Regardless of the recent changes, super remains a very tax effective way of saving for your retirement.  As we have often said, it’s getting harder to get money into super but it is still an attractive investment vehicle.

And here is why:

Concessional Contributions

Concessional contributions are “before tax” contributions paid into your super and include the employer 9.5% (SG) and any salary sacrifice or personal deductible contributions that you make.

The total amount that can be made is $25,000 including the SG.

Contributions are taxed at 15% on the way into your super fund, rather than you receiving the money and paying your normal marginal tax rate, therefore if you are earning over $18,200 then you may benefit from the tax saving.

Non-Concessional Contribution Caps

Non-Concessional Contributions are those where you have already paid tax and so when they are made into your super fund then they are not taxed on the way in.

The current limit for FY19 is $100,000 per person, if you are under age 65 then you can potentially use the following years cap and bring forward the following 2 years of contribution limits to make a total of $300,000.  The table below shows the contribution and bring forward amount available to those under age 65.

Total Superannuation Balance Contribution and bring forward available
Less than $1.4 million Access to $300,000 cap (over 3 years)
Greater than or equal to:

$1.4 million and less than

$1.5 million

Access to $200,000 cap (over 2 years)
Greater than or equal to:

$1.5 million and less than

$1.6 million

Access to $100,000 cap (no bring-forward period, general non-concessional contributions cap applies)
Greater than or equal to $1.6 million Nil

The total super balance is determined on 30 June of the previous financial year.

Over age 65?

If you are over age 65 then there are more restrictions and you will need to meet the work test of being gainfully employed for at least 40 hours in a period of not more than 30 consecutive days in the financial year.

This requirement does not apply to “Downsizer” or mandated employer SG contributions.

Other types of Contributions

Downsizer contributions as mentioned above are where you can make a contribution of up to $300,000 into super after selling your home that has been your main residence for at least 10 years and you are over 65.  A great way of boosting super, but contributions must be made into super within 90 days of settlement of your property.  A once off opportunity that should be considered.

There are also Spouse Contributions where you might direct your contributions to your spouse’s account.

Child Super contributions as anyone under the age of 65 can make a contribution into super including minors, and

Government Co-Contributions where if you are a low or middle income earner and make a personal (after tax) contribution to your super fund, the government makes a contributions up to a maximum amount of $500.  This strategy is good if you earn less than $37,697 and make a $1,000 contribution, you’ll get $500 from the government.  The amount the government will make reduces as your income increases until you hit a total income of $52,697.  Your super fund balance must also be under the $1.6mil transfer balance cap.

Tax on the income earned within Super

A huge benefit of saving within super is the concessionally taxed nature.

Earnings are taxed at a maximum of 15%.

Capital gains are taxed at 15% or if you hold the asset for longer than 12 months you get a 1/3 exemption, so the effective tax rate becomes 10%.

Once you have met a condition of release and are in Pension phase then the earnings are tax free within that pension.

Now you can see why we love super; especially for those saving for their retirement.
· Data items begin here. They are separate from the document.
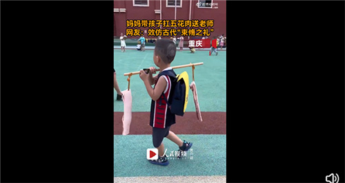 教师节临近,重庆一萌娃扛着两条五花肉送给老师当礼物。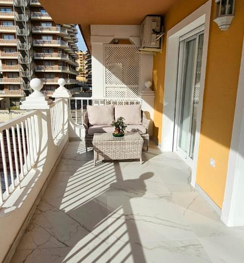 Salón comedor con salida a la terraza, con cocina americana totalmente equipada con Horno y lavavajilla, terraza de 12 metros con vistas laterales preciosas al mar.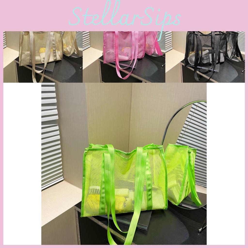 Chic Fashionable One Shoulder Mesh Beach Bag With Soft Lightweight Design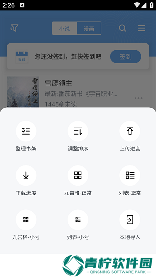 4、点击页面右上角的三条横线图标,可以对书架进行整理设置;
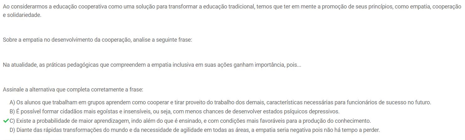 Ao considerarmos a educação cooperativa como uma solução para transformar a educação tradicional, temos que ter em mente a promoção de seus princípios, como empatia, cooperação e solidariedade. Sobre a empatia no desenvolvimento da cooperação, analise a seguinte frase: Na atualidade, as práticas pedagógicas que compreendem a empatia inclusiva em suas ações ganham importância, pois Assinale a alternativa que completa corretamente a frase: A) Os alunos que trabalham em grupos aprendem como cooperar e tirar proveito do trabalho dos demais, características necessárias para funcionários de sucesso no futuro. B) É possível formar cidadãos mais e insensíveis, ou seja, com menos chances de desenvolver estados psíquicos depressivos. C) Existe a probabilidade de maior aprendizagem, indo além do que é ensinado, e com condições mais favoráveis para a produção do conhecimento. D) Diante das rápidas transformações do mundo e da necessidade de agilidade em todas as áreas, a empatia seria negativa pois não há tempo a perder.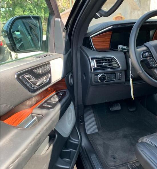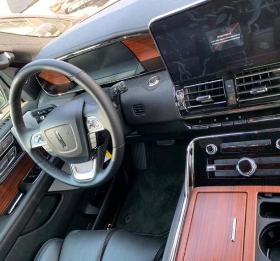 19款林肯领航员3.5TT 7座精雕细琢的内饰, 结合了美国胡桃木和高级真皮材料、丝光镍饰件与白色发光二极管等组合一起,营造出一个豪华、浪漫而又极具现代感的车内环境。方向盘和轿车一样的轻盈,周身散发出来的尊贵气息,让人肃然起敬。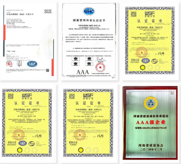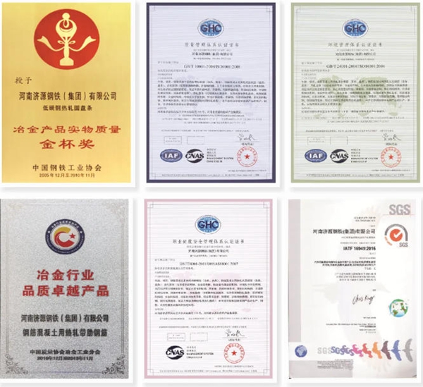 在河南省内份额占到80%以上,基本覆盖了如宇通客车、郑煤机、洛轴、洛阳一拖、许昌远东、红阳精工、巩义恒星等大中型重点企业。 集团荣誉 技术认证 济钢集团拥有一流的实验检测装备和雄厚的研发实力,是河南省特殊钢材料创新中心、省级技术中心、国家级认可实验室和博士后研发基地,相继获得了质量、环境、安全等相关管理体系以及中国船级社工厂等认证。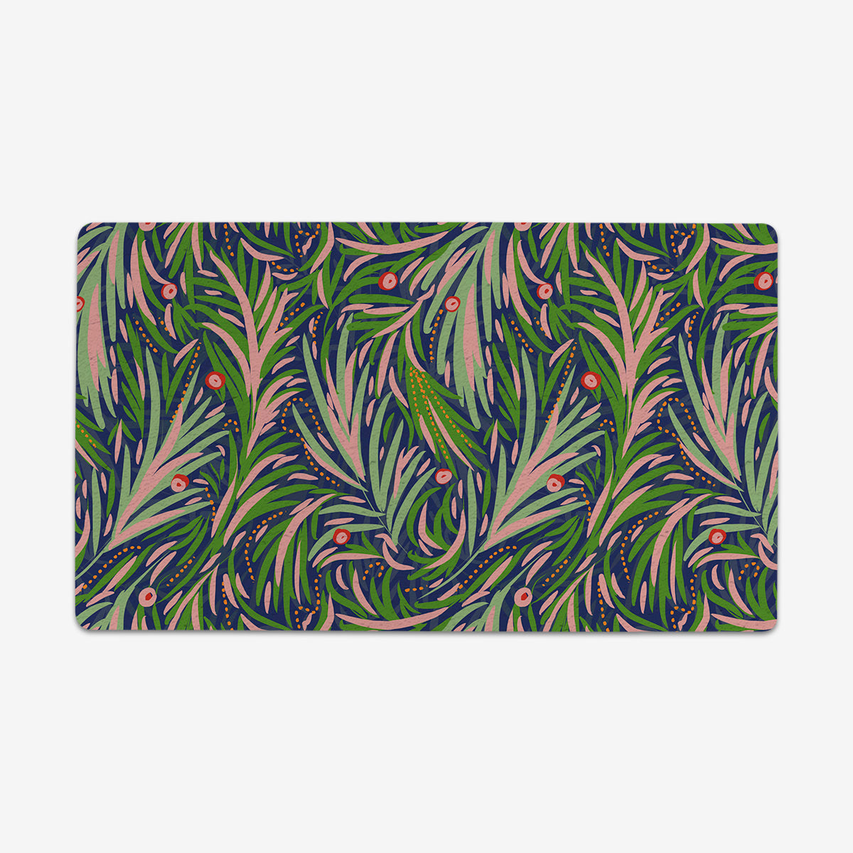 Standard Playmat measures at 24” x 14” inches and is 1/16 of an inch thick. It’s made with a smooth cloth top and strong rubber backing.

Whilst the rules do change, at JBS it’s our role to keep up with them so that you can enjoy the benefits of your super.

Don’t miss an important piece of the puzzle when it comes to your super strategy. The JBS team are here to guide and support you when it comes to ensuring you have the right strategy in place for your contributions into super this year. If you are thinking about making a non-concessional contribution then talk to us about making it before the election on May 18 just in case the rules change should we get a change in government.

Give the team a call!

By Jenny Brown, April 2019.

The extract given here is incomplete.